_Instructions to follow_:
Give back the whole listing exactly as written, pictures excluded.

_Data excerpt_:

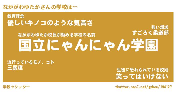 | 男性向けラノベタイトル風あだ名 | 『なかがわゆたかの憂鬱』 |
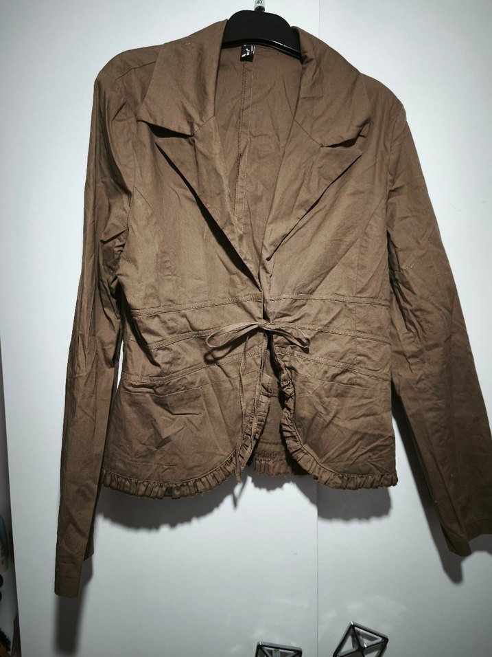 kahverengi Keten Kadın Ceket, Kemerli, Uzun Kollu
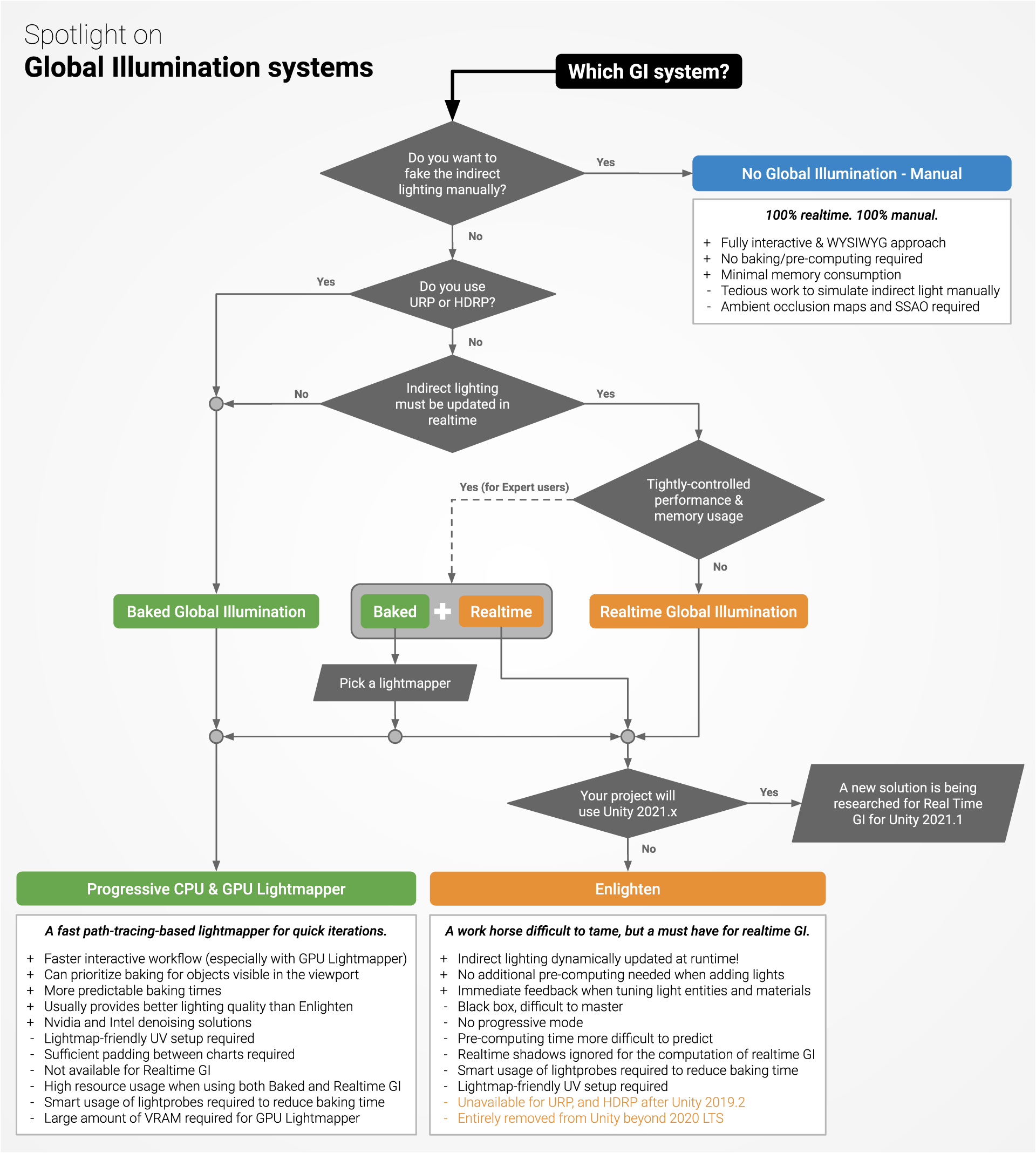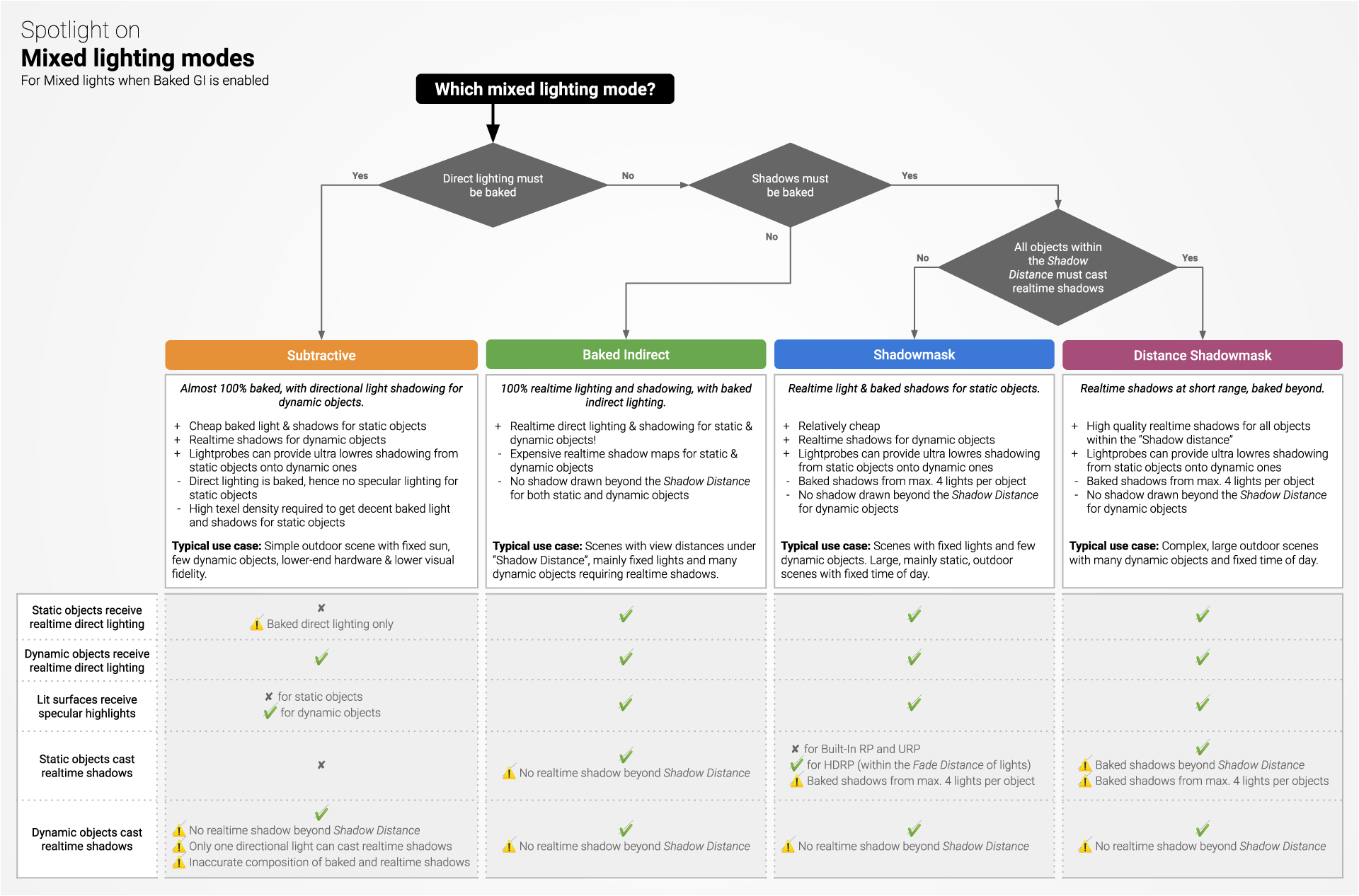 下面的图表结合了一个决策流程图和一个比较表;可以帮助您决定每次在场景中添加新光源时哪种光源模式合适。

_Result below_:
 | 男性向けラノベタイトル風あだ名 | 『なかがわゆたかの憂鬱』 |
 kahverengi Keten Kadın Ceket, Kemerli, Uzun Kollu
 下面的图表结合了一个决策流程图和一个比较表;可以帮助您决定每次在场景中添加新光源时哪种光源模式合适。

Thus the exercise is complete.